(Excerpts from a dataset)
=== Begin Enclosure ===

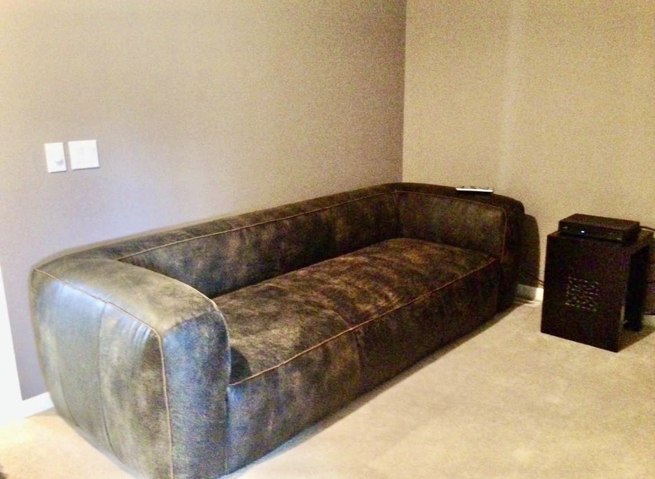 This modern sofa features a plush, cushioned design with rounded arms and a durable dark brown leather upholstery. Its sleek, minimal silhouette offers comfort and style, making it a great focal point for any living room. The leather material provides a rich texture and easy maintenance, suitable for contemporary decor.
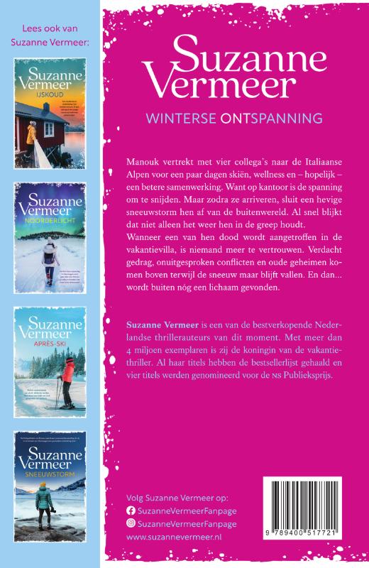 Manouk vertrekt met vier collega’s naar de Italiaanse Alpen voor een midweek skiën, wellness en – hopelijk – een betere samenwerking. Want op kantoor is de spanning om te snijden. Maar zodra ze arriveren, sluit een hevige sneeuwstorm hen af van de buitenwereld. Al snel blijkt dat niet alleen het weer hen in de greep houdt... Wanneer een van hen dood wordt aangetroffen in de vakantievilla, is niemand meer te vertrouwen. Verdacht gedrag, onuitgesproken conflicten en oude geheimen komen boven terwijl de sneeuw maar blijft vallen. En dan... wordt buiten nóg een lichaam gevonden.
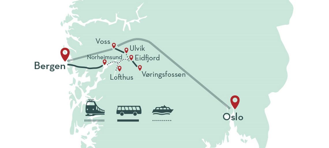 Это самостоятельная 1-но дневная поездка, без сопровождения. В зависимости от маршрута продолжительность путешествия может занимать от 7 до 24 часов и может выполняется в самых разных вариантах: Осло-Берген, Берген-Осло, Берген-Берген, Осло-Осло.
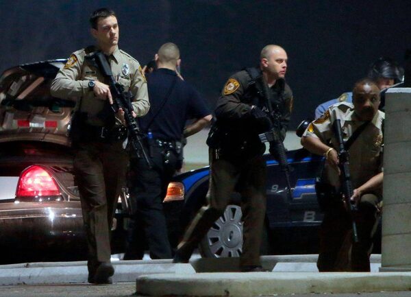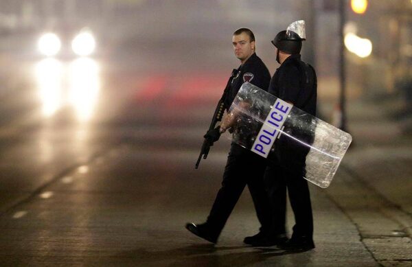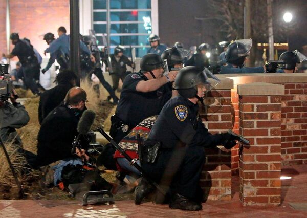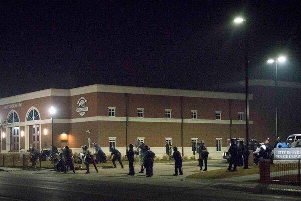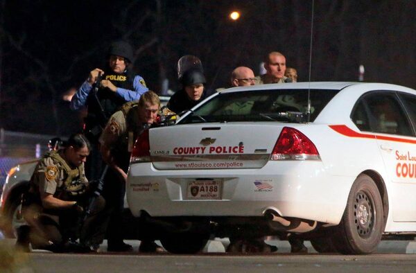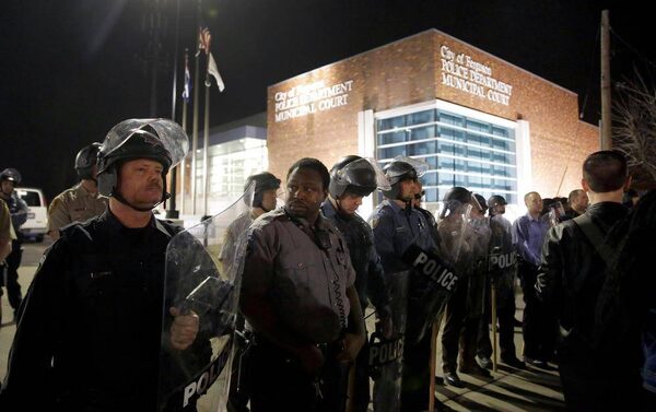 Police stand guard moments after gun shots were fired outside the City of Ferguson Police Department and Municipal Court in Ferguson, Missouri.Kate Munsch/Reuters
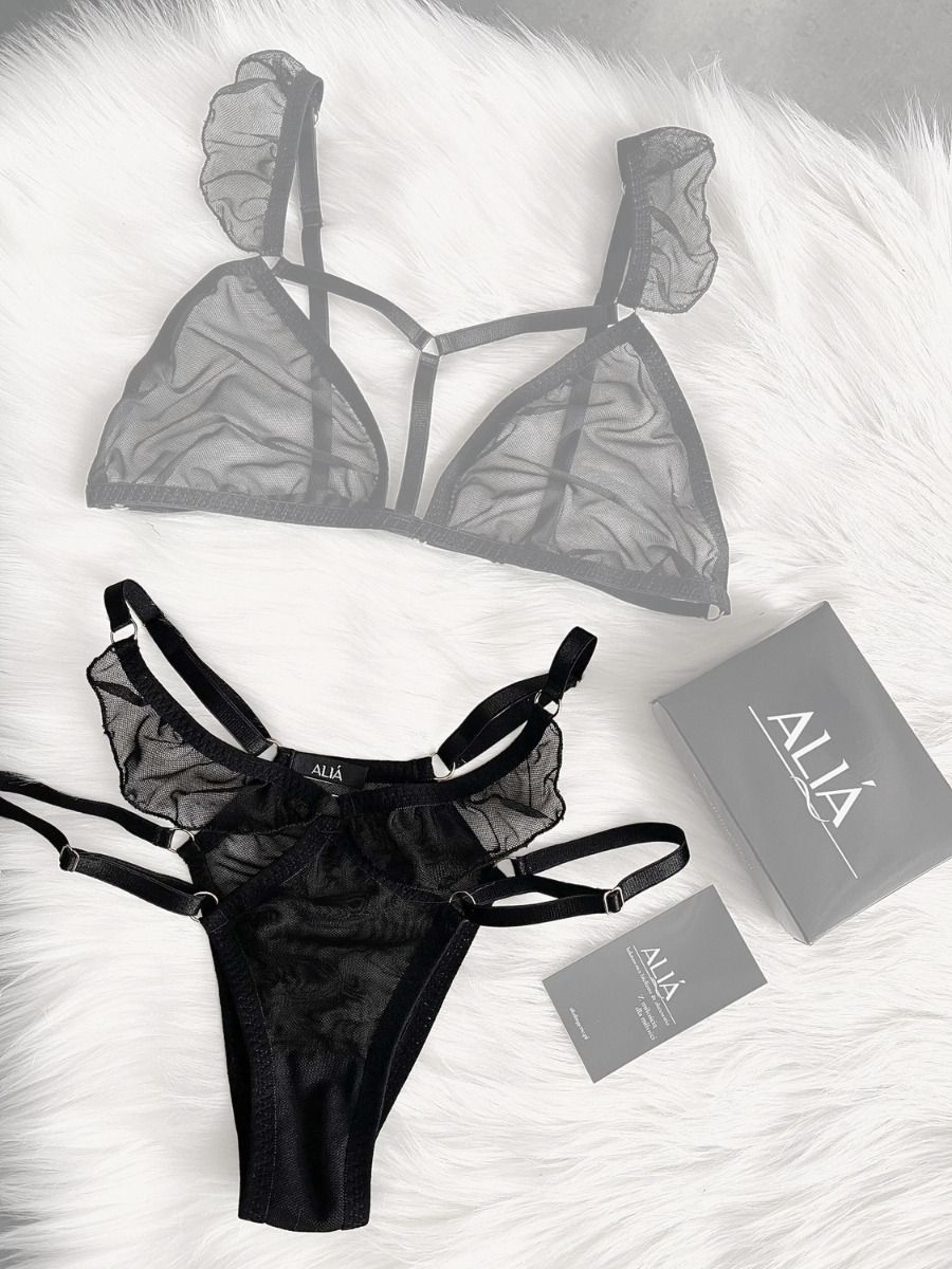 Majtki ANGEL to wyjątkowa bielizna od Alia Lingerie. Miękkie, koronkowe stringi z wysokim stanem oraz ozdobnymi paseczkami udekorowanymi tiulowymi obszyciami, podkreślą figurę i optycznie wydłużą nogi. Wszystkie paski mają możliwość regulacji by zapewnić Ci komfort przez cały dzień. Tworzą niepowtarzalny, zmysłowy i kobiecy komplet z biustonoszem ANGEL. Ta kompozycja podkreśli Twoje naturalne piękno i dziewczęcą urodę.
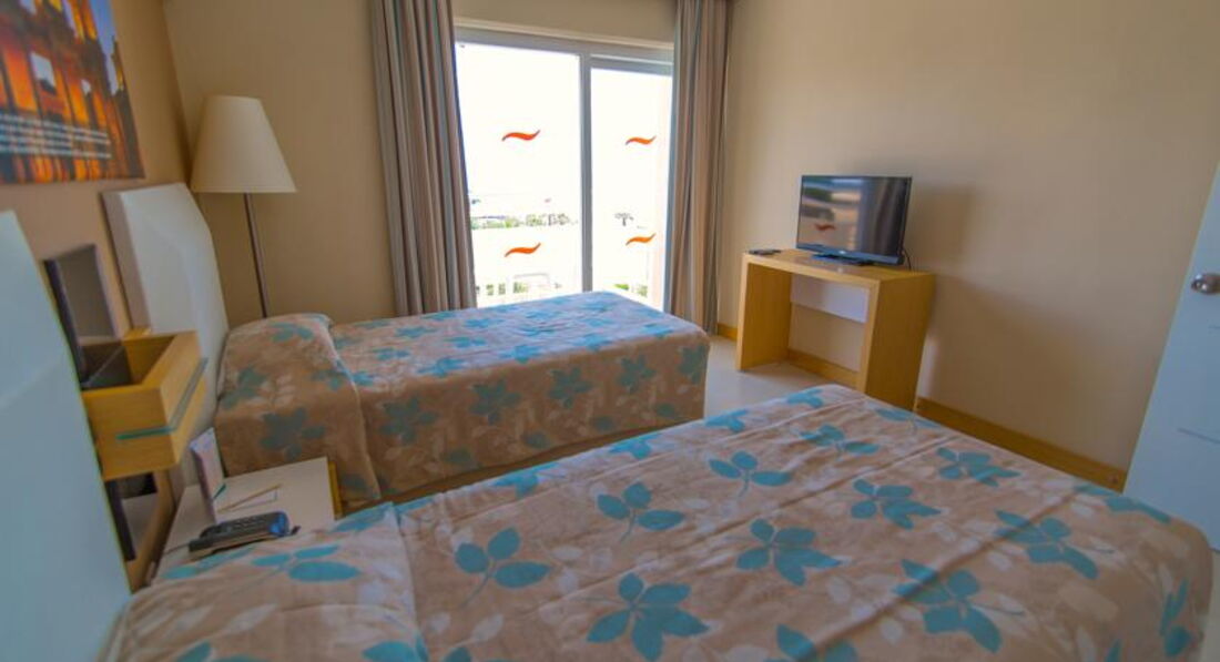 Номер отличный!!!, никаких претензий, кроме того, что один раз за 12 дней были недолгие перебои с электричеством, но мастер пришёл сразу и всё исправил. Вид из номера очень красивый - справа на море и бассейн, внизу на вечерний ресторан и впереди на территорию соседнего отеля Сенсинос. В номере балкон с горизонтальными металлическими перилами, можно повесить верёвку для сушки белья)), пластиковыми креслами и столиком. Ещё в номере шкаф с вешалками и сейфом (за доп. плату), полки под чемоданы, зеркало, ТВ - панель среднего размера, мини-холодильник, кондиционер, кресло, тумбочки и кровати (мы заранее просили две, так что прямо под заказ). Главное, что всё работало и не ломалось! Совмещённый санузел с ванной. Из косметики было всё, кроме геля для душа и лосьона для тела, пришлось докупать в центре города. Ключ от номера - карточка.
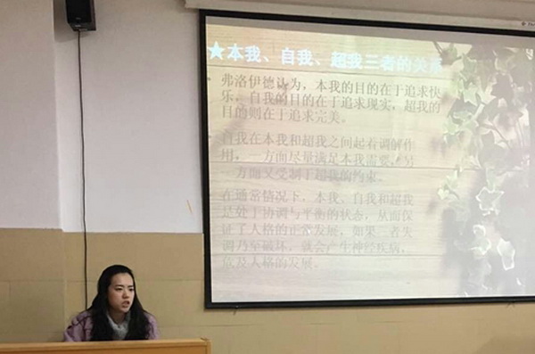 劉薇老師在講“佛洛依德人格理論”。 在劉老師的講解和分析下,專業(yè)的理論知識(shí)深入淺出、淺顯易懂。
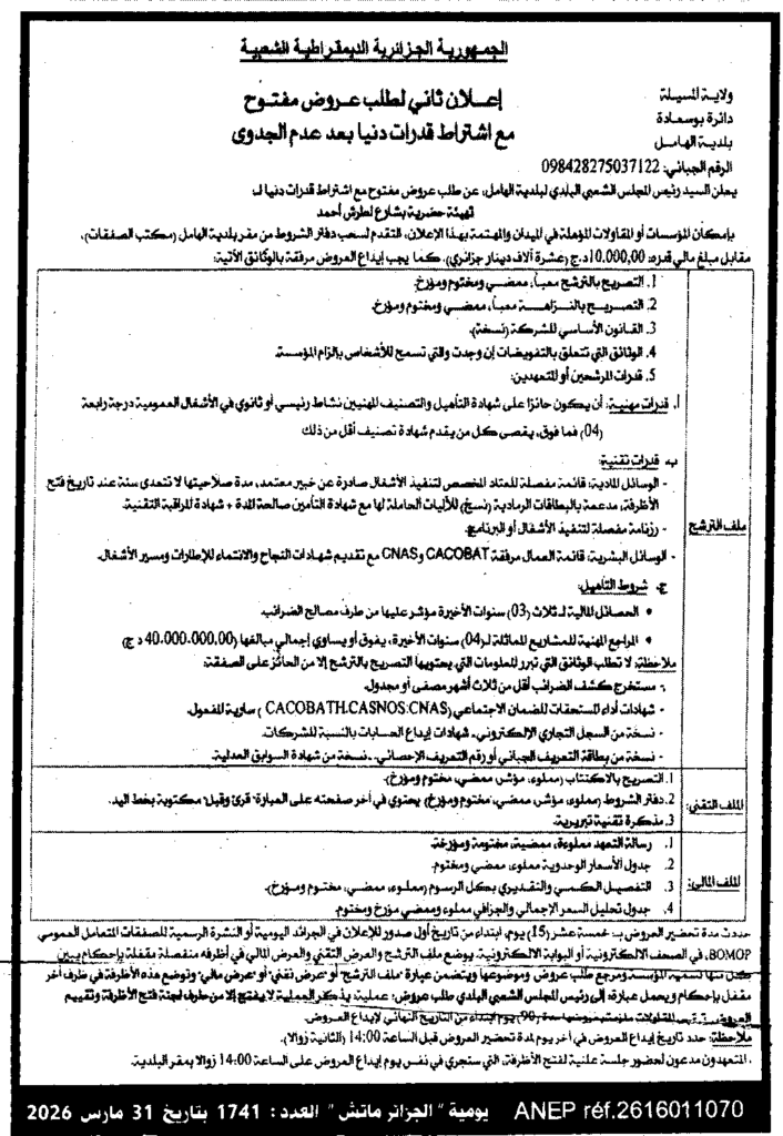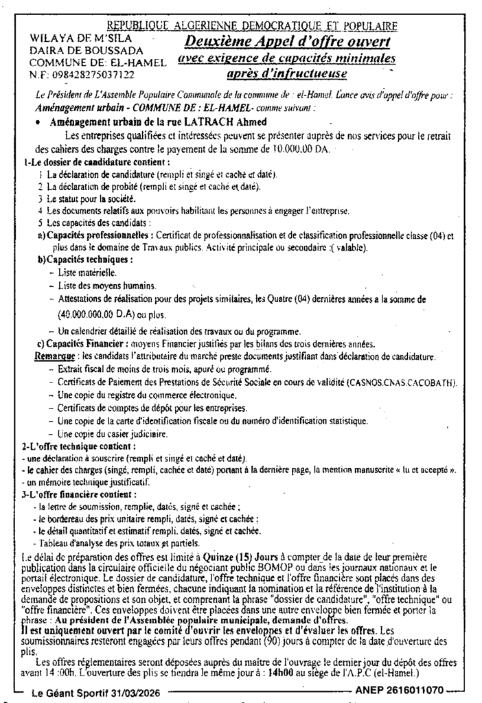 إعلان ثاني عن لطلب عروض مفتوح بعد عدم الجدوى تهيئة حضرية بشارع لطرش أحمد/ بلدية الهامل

=== End Enclosure ===

* Problem
Only an exact copy of the lines from the top of the entries through the line with "Manouk vertrekt met", both included, should be given, with all pictures omitted.

* Task result
 This modern sofa features a plush, cushioned design with rounded arms and a durable dark brown leather upholstery. Its sleek, minimal silhouette offers comfort and style, making it a great focal point for any living room. The leather material provides a rich texture and easy maintenance, suitable for contemporary decor.
 Manouk vertrekt met vier collega’s naar de Italiaanse Alpen voor een midweek skiën, wellness en – hopelijk – een betere samenwerking. Want op kantoor is de spanning om te snijden. Maar zodra ze arriveren, sluit een hevige sneeuwstorm hen af van de buitenwereld. Al snel blijkt dat niet alleen het weer hen in de greep houdt... Wanneer een van hen dood wordt aangetroffen in de vakantievilla, is niemand meer te vertrouwen. Verdacht gedrag, onuitgesproken conflicten en oude geheimen komen boven terwijl de sneeuw maar blijft vallen. En dan... wordt buiten nóg een lichaam gevonden.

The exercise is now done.